Puzzles—inclusive of riddles, games, optical illusions, enigmas, oracles, labyrinths—appeal to the individual human mind and to collective cultural traditions, from prehistory up to today, and around the globe. The motivation to "play" may lie in the reward: the "ah-ha" for pastimes and/or the "gotcha" when intellectual challenge is involved. Semiotics' own "magister ludi" Marcel Danesi has collected, curated, and clarified the addiction experienced by those lured onto the dialectical thin ice between logical reasoning and sheer imagination.
Myrdene Anderson, Purdue University, USA
Marcel Danesi, the world’s leading authority on puzzles, provides an insightful historical overview of the creative, psychological, and interactional role of puzzles in cultures worldwide.
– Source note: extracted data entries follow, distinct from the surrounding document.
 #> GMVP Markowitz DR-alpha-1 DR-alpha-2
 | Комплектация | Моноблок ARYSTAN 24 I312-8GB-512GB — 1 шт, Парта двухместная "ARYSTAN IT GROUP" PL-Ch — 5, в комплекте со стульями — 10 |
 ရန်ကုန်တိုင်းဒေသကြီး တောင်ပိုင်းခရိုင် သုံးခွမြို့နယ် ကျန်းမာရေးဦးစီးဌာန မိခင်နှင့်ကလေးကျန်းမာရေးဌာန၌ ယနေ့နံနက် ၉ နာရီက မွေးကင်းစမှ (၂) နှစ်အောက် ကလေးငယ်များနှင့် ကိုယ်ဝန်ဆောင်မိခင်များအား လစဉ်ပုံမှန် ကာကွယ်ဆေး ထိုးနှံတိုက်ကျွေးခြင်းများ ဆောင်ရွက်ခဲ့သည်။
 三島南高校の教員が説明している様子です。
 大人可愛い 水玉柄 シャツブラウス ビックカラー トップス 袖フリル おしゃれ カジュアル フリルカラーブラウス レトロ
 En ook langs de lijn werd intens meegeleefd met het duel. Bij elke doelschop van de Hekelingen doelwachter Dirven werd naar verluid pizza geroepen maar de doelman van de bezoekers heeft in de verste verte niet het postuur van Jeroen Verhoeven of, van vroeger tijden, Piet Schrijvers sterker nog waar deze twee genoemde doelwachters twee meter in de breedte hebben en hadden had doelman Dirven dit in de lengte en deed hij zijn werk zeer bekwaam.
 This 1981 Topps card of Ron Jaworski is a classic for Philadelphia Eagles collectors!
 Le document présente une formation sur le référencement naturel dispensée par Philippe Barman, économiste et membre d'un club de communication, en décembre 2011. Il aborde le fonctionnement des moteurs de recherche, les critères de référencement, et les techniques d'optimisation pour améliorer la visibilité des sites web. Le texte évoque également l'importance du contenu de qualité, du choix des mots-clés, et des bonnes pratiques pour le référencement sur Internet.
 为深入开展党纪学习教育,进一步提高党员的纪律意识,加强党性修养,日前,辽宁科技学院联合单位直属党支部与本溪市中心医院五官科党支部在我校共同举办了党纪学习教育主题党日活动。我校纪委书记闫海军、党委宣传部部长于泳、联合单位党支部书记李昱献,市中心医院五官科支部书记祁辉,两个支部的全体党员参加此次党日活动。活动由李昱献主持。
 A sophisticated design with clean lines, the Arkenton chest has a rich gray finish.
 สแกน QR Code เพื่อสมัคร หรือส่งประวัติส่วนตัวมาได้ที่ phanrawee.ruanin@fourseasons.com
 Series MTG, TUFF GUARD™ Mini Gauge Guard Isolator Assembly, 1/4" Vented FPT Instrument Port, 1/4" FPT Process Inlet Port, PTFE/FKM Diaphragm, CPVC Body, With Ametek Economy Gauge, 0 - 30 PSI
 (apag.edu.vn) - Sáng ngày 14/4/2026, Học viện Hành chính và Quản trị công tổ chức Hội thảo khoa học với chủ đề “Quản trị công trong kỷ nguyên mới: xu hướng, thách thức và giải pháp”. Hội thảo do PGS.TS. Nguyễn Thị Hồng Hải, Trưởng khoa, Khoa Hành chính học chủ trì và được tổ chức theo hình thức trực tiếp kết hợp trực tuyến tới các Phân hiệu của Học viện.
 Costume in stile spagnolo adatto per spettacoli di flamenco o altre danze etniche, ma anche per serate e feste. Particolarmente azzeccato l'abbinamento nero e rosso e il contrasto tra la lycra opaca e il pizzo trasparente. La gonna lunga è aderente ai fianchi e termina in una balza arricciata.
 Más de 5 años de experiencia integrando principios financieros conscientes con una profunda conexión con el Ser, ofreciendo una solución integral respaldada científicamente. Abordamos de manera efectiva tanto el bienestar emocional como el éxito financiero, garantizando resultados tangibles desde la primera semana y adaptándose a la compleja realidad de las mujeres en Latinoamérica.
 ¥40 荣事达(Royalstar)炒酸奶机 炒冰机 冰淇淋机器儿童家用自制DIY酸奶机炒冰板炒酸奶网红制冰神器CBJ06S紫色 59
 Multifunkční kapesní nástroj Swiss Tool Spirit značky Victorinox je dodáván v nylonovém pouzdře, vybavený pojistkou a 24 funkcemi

These cultural artifacts date from the dawn of history, and Professor Danesi illustrates clearly and convincingly how solving puzzles stimulates the imagination and the inventiveness of the individuals and the societies that produce them. These enigmatic forms constitute the brain’s tools for resolving problems and they are an essential component of human intellectual endeavors.
Frank Nuessel, University of Louisville, USA
How are puzzles solved before their algorithm is found? Non-algorithmically – using creativity of semiotic logic. This is what Marcel Danesi, a leading scholar of the Toronto Semiotic Circle, is demonstrating.
Kalevi Kull, University of Tartu, Estonia
An intriguing and fascinating overview of puzzles throughout human history. The book unravels the mysterious underlying origins of mind and culture through puzzles, with many mind-twisting puzzle examples.